Me: How’s it going, Eddy? You calm enough to give me your opinion on the way the press handles some DC stuff? By the way, I put your comments in my blog, and lots of people agree with what you say.
Eddy: Kid, I’ve always got an opinion. Only thing is: them ICE guys ain’t gonna come after me are they? All this bull crap I read says they tap everyone’s phones and even their TV. I ain’t afraid of anything, and you know that, Charlie. But I got grandkids now.
Me: Uncle Eddy, you’re a Vet. You fought for this country. I think you’re entitled to your opinions. So don’t sweat it. So here’s my question: do thou think the TV and newspapers are being too tough on Washington?
Eddy: They’re supposed to do that. It’s their job. The more heat the better. Them old guys like Cronkite and Murrow, they knew how to do it. And them 2 guys that blew the whistle on Nixon. How in hell do we know what those clowns in DC is doing unless somebody reports it?
Me: You think they’re being tough enough on Washington?
Eddy: Hell, no! You know something happens overseas – and bad stuff does happen – they spend all kinds of time showing it. Refugees, hungry kids, people all screwed up with some disease. But why isn’t anyone coming here? Or to Cleveland? Or Pittsburgh? I guess maybe the lines at the Unemployment office ain’t glamorous enough. Seems only hungry foreign kids are important. Let me tell you something, Charlie. Don’t forget your roots, kid. You remember, I know. A hungry kid here in Ohio is still a hungry kid. Who gives a damn about that? So everyone in Washington is hot to keep them Muslims out. OK – so how does that help me find work? The only guys who have steady work are the guys who run around rounding up illegals. The rest of us – no one gives a damn.
Me: Too much world news?
Eddy: I didn’t say too much, I’m just saying look at some of the messes around here before you start showing kids in Syria. Kid in Chicago ain’t got no shoes for winter, but that ain’t glamorous for them. They show all kinds of pictures of kids in Egypt, though.
Me: You don’t think any of that’s important, Eddy?
Eddy: Not when my grandkids are going without stuff.
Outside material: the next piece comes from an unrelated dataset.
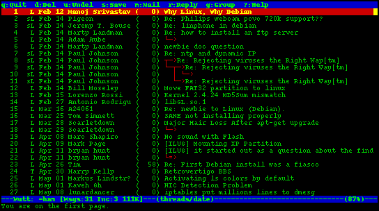 I am not going to pretend that I know of all the email programs available, I am just making a comparison of the major ones. One issue that comes up immediately is, do you want a graphical email program or a command line one? This is not necessarily an either or choice. You can have and use both types, in different places.

Them Washington guys, you better believe all their kids ain’t missing any meals.
Me: You’ve got a point, Uncle Eddy.
Eddy: Damned right I do. Until people can go back to work and start earning something, the rest of this is all crap. That’s we voted for all these guys – they made big promises. So when does it happen? Maybe the press people aren’t being tough enough. You get pictures of how bad they live in like Haiti, but you never get no pictures about how good them congress people are living. The President, he ain’t missing any meals. He flies to Florida every week and we pay for it. You know how many TV stations complained on that? Well I only seen one. Just one. I think more of them TV guys need to grow a pair.
Me: I don’t know, Ed. We’ll both have to see.